3.1.3. Trenched-3D Mushroom Microdosimeter with a Planar Core Electrode

The trenched-planar Mushroom microdosimeter consists of 3D SVs with a cylindrical shape and a planar n⁺ core produced by ion implantation. Each SV is 5 or 10 µm in height and 20, 30 or 50 µm in diameter and is surrounded with a complete p⁺-doped trench filled with polysilicon (Figure 4a). It can be seen in the SEM image of this device structure (Figure 4b) that the trench is filled with polysilicon. In order to avoid breakage in the metal line connections, the polysilicon regions on the surface of the SVs were etched to make a smooth surface before the deposition of metal contacts. Furthermore, the p-stop layer was connected to the outer p⁺ trench (NO-GAP configuration) to avoid charge build-up in the oxide layer between the SVs after being irradiated with heavy ions. This fabrication process allows charge collection to be localised to the SV and helps avoid the build-up of charge in the oxide layer, which was observed in the previous version of the trenched planar Mushroom microdosimeter after irradiation with high-intensity ion beams (Figure 3).

3.1.4. Free-Standing 3D Mushroom Microdosimeter Embedded in Tissue Equivalent Material

Figure 5a, b show the design and SEM image of a free-standing 3D sensitive volume (SV) array of microdosimetric SVs, later named the 3D Mushroom microdosimeter. The SV has a cylindrical shape with a diameter of 20–50 µm, thickness of 5 or 10 µm and 50 µm pitch between neighbouring SVs. An array of SVs can either be surrounded by air or embedded in polyimide, a tissue equivalent material that extends 12 µm above SVs. There are odd and even arrays in this design that can be connected in parallel or read out individually.

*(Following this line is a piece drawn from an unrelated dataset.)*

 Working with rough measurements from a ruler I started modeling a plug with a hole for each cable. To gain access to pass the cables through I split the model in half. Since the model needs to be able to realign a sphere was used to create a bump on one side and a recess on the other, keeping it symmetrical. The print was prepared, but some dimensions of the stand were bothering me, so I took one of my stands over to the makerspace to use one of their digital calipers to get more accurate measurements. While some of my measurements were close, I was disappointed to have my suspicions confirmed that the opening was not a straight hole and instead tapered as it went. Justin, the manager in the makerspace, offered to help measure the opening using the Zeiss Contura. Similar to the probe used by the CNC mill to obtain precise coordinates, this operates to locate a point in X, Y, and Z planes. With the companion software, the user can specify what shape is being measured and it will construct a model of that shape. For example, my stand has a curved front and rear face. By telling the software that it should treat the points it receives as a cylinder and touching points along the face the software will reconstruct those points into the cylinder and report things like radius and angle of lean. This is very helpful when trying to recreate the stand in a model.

The SOI 3D Mushroom microdosimeter is then inserted into an electronic readout probe built in-house–the MicroPlus (µ⁺) probe for microdosimetric measurements in proton and heavy ion therapy.

3.2. TCAD Simulations of 3D Mushroom SOI Microdosimeters

Modern numerical simulation tools, such as Technology Computer Aided Design (TCAD), offer considerable support in the design and characterisation of novel radiation detectors. A detailed numerical model of the devices can be created to simulate the operation of the sensors to be fabricated. Typical simulations include Current-Voltage (I–V) curves, Capacitance-Voltage (C-V) curves and transient simulations in response to impinging radiation.

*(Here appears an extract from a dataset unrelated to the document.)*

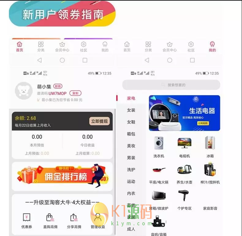 11、内置教程:可在后台加入营销素材,推广素材,自定义设置新手教程,视频教程,淘客商学院等。

The tools chosen for this TCAD simulation study were the SYNOPSYS TCAD tools. Process and device simulations were carried out at SINTEF. The simulation tools were tuned with the known SINTEF process parameters to obtain models as close as possible to the final devices.

Numerical models were created in 2D for both the Trenched-3D and Trenched-planar sensors for SV thickness of 10 µm (Figure 6). These structures represent a radial slice of a single SV and can be used to perform simulations in cylindrical coordinates (the centre of the SV is located at x = 25 µm). The main difference between the two structures is that in Figure 6a, empty regions are present at x = 11 µm and x = 25 µm to simulate the lack of polysilicon filling in the Trenched-3D approach. It can also be observed that in Figure 6b the n+ electrode is planar.

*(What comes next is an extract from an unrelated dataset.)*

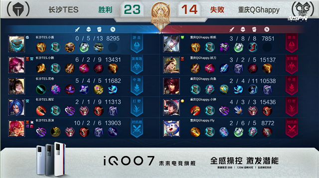 1分53秒,长沙TES花木兰上路击杀梦奇拿下一血。3分16秒,长沙TES拿下暴君。3分56秒,重庆QG强推掉长沙TES中一塔,长沙TES反打打出1换2。6分23秒,中路团,重庆QG打出1换2。7分43秒,长沙TES中路击杀虞姬。9分58秒,双方团,长沙TES打出1换3。10分33秒,长沙TES拿下暗影暴君。11分17秒,长沙TES上官婉儿击杀东皇太一。12分24秒,长沙TES拿下暗影主宰。13分42秒,长沙TES接连破掉重庆QG下、上二塔。14分11秒,长沙TES破掉重庆QG上高地,随后重庆QG击杀盾山。14分52秒,重庆QG拿下暗影暴君。15分18秒,双方团,长沙TES打出,2换3,伽罗拿下三杀。16分40秒,重庆QG拿下暗影主宰,随后团战双方4换4,虞姬拿下三杀。17分28秒,重庆QG虞姬接连破掉长沙TES中二塔及高地。18分35秒,中路团,长沙TES打出2换5团灭对手,花木兰拿下三杀。19分24秒,长沙TES破掉重庆QG水晶赢下比赛。

Electrical simulations are performed by scanning the bias voltage on the p⁺ electrode from 0 V to −100 V while keeping the n⁺ electrode grounded. Breakdown voltage was found to be at biases higher than 60 V, which is more than sufficient to achieve over-depletion. The simulations showed that, for a fully depleted single SV, the expected current was on the order of 50fA, and the expected capacitance was on the order of 9fC. These values can be used to obtain an estimate of what to expect when multiple SVs are connected in an array to cover larger areas while still providing an excellent signal-to-noise ratio. The scaling is typically very reliable for dark currents, while extra capacitive components must be considered for large arrays due to the long metal interconnections between the SVs. The simulator can also provide 2D plots of electrostatic potential and electric field distributions. For example, the equipotential drift lines at a bias of −20 V are shown for both structures in Figure 6. It can be observed that, for the Trenched-3D structure (Figure 6a), the lines were mostly horizontal, while this was not the case for the Trenched-planar structure (Figure 6b). While this does not drastically affect the operation of both approaches, it was found that higher electric fields can be achieved in the Trenched-3D structure, potentially resulting in faster charge collection.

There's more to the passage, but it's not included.